Posted: Fri Apr 25, 2008 1:36 am
by PlayLoud
bruce wrote:There should be an entry in /etc/hosts that says
127.0.0.1 localhost <yourhostname>
and you should get the same results from all three of
ping 127.0.0.1
ping localhost
ping <yourhostname>
Yes, they all ping fine.

Re: 2605 (multiple)

Posted: Fri Apr 25, 2008 1:38 am
by PlayLoud
If I can't figure this out tonight (another 6.5 hours until the single core WU I started is complete), I am probably going to wipe the install of linux, as Ubuntu 8.04 has just been released anyway. Perhaps a fresh install of the OS could help.

Re: 2605 (multiple)

Posted: Sun Apr 27, 2008 7:13 pm
by PlayLoud
Well, I deleted Ubuntu 7.10, and installed Ubuntu 8.04.

I can start SMP WUs again, so that is good. Although, now I have a new problem, in that I can't fold very fast. Speedsteep is throttling down my processor, even though it should be full blast right now. Project 2605 is taking over 40 minutes/frame. If I disable speedstep, I get 30 minutes/frame. I should be getting about 20 minutes/frame. (disabling speedstep in Ubuntu 7.10 also slowed the project down for some reason).

I started a new thread for my new problem...

viewtopic.php?f=12&t=2342

Re: 2605 (multiple) Fixed

Posted: Sat May 10, 2008 9:58 pm
by DreadedOne509
I'm having this exact same issue with various P. 2605's (different RCG's as well).
Ubuntu 6.10, Intel C2D 6400 originally at 2.9 GHz, dropped to 2.4 GHz.
No dust, heat o.k., memtest stable for 3 passes (even oc'd).

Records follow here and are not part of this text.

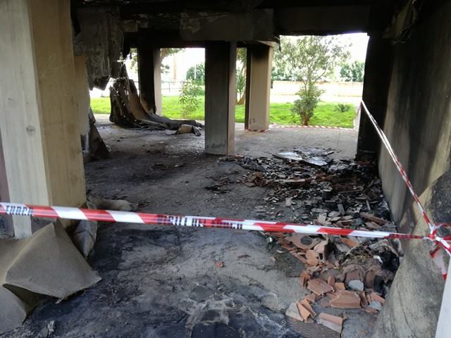 Il piano terra, dove si trova il porticato, appare ora completamente distrutto. Si indaga per capire l’origine delle fiamme – che potrebbero essere state scaturite da un’incendio ai secchioni per i rifiuti indifferenziati o essere derivanti da un evento non doloso come un corto circuito – e soprattutto sulla sua natura.
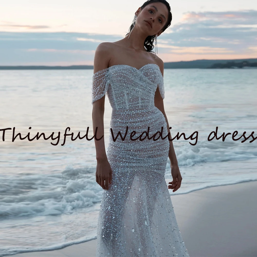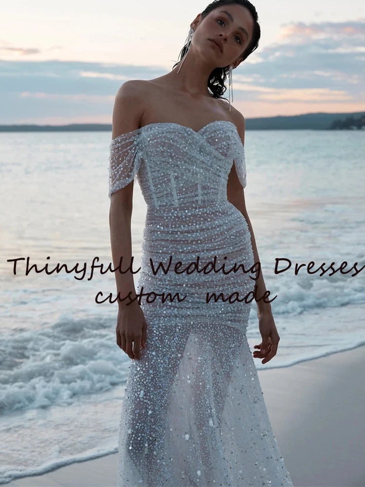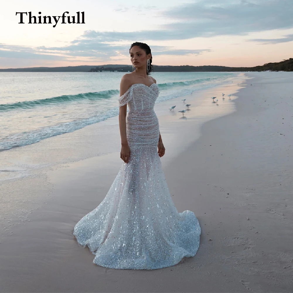 Thinyfull 2022 блестящие пляжные свадебные платья с коротким рукаво...
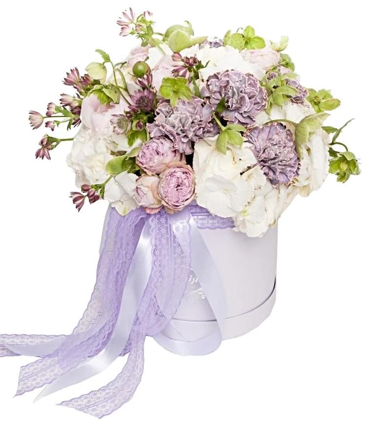 Lavender and White Box: A Graceful and Serene Floral Arrangement
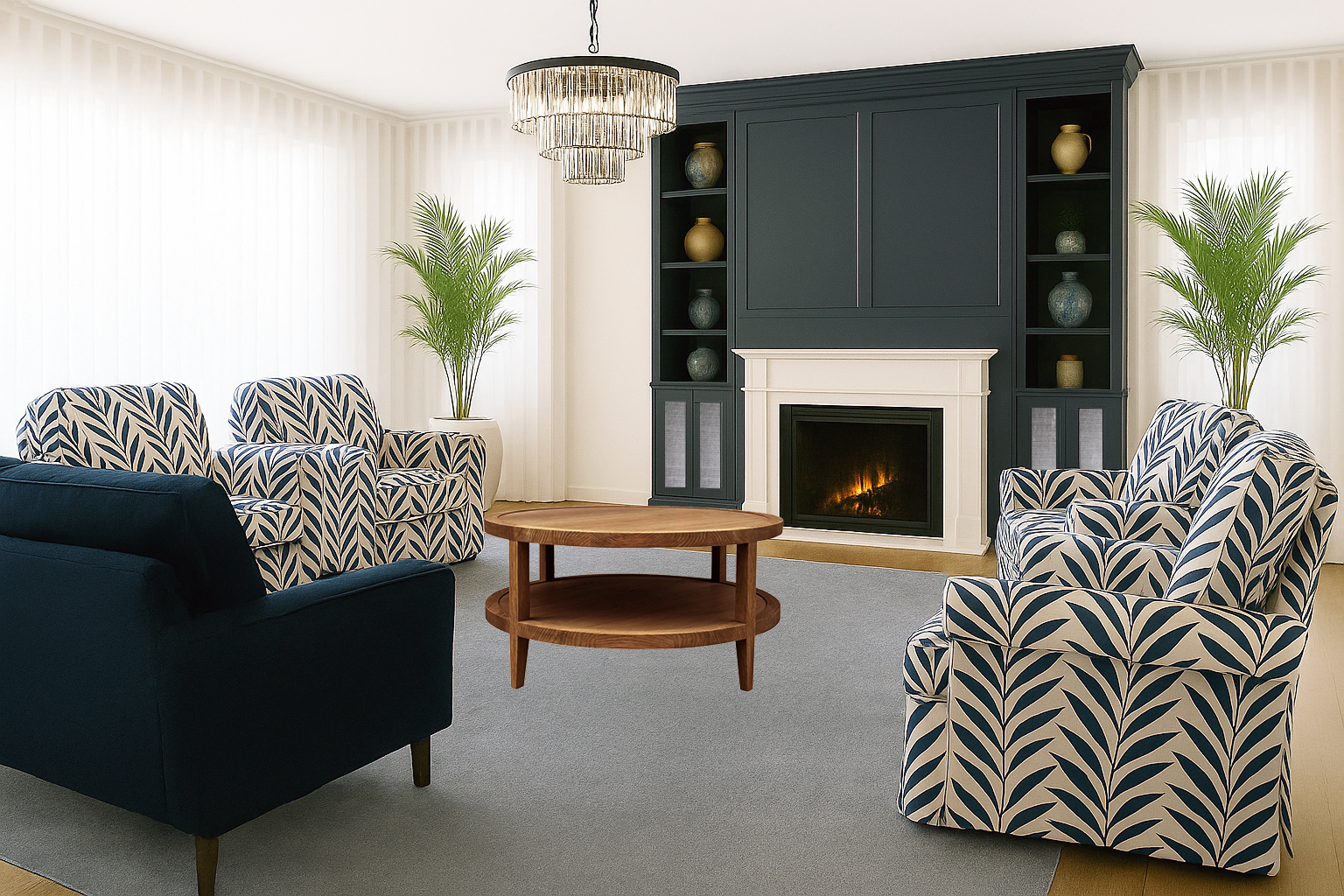 The key to this style is creating a relaxed, inviting atmosphere. Picture oversized sofas with slipcovers, adorned with bold striped and floral cushions in ticking, chintz, or piping. Accentuate the space with wooden sideboards, rattan chairs, and layers of blue and white ceramics. A few well-placed tray tables and beautiful coffee table books add the perfect finishing touches
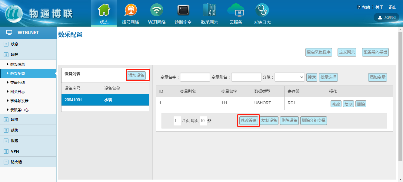 網關---數采配置---添加設備---添加變量---重啟采集程序并生效新的配置。
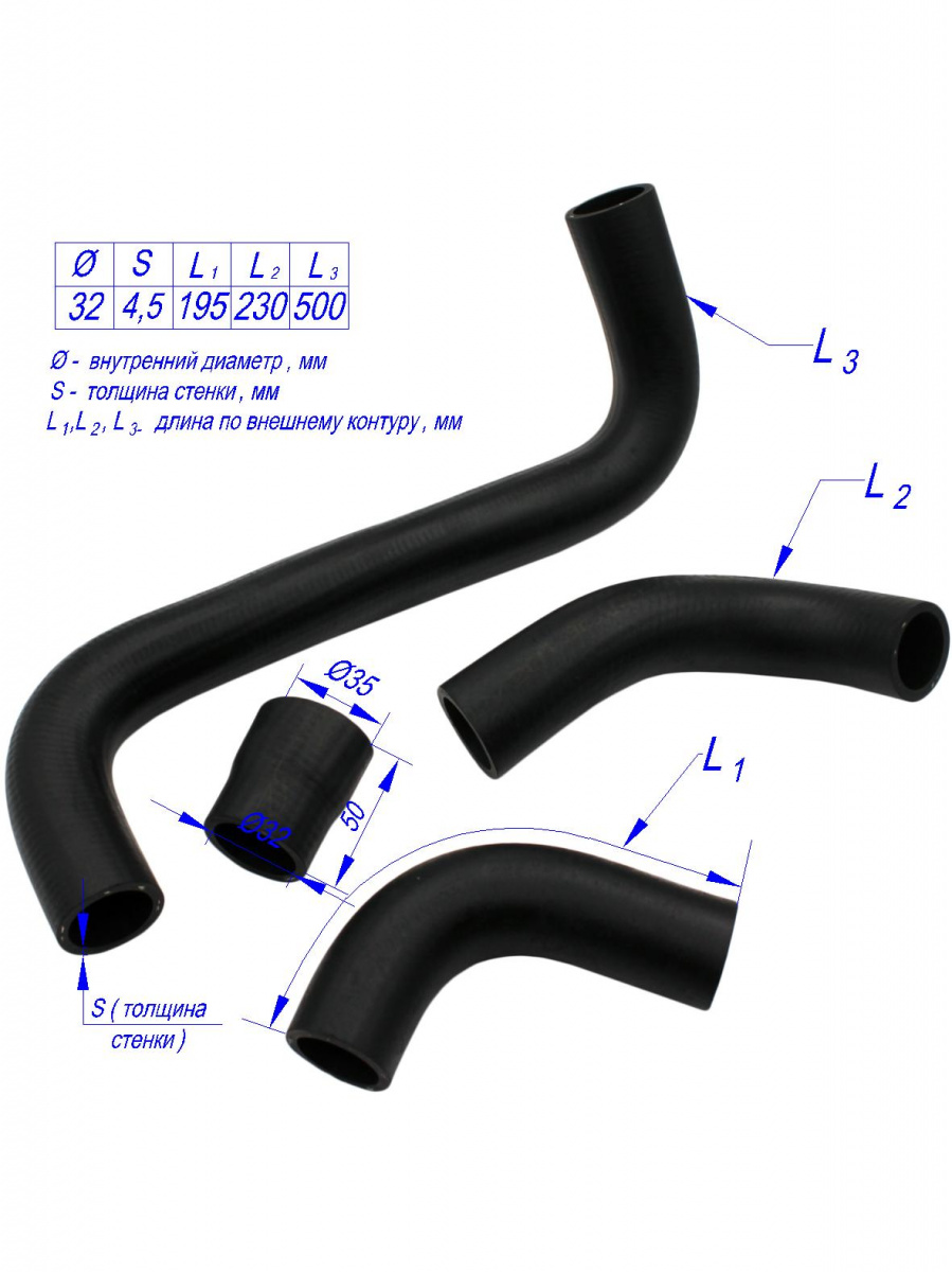 Патрубки изготовлены из высококачественной маслобензостойкой резины, сохраняющей требуемые характеристики работоспособности в диапазоне температур от -60 до +105 градусов. Точность формы патрубков гарантирует герметичность соединений, оплеточное усиление вискозной/полиэстровой нитью обеспечивает максимальное рабочее давление до 0,4МПа, высокую гибкость и хорошее поглощение вибраций.

Just stops after Entering M.D. and does nothing.

As an edit: I found several other posts regarding this issue, some covering linux
(Ubuntu specifically) and Mac OS X. All seem to point to the etc/hosts file as
being the culprit, or permissions therein. My host file looks like this:

127.0.0.1 localhost
127.0.0.1 Dakota.APACHE

Then the ip6 lines. I've tried it with them all (ip6) uncommented, and commented out
with networking restarts to no avail.

FIXED -

Changing the etc/hosts file to look like this fixed it:

127.0.0.1 localhost Dakota
127.0.0.1 Dakota.APACHE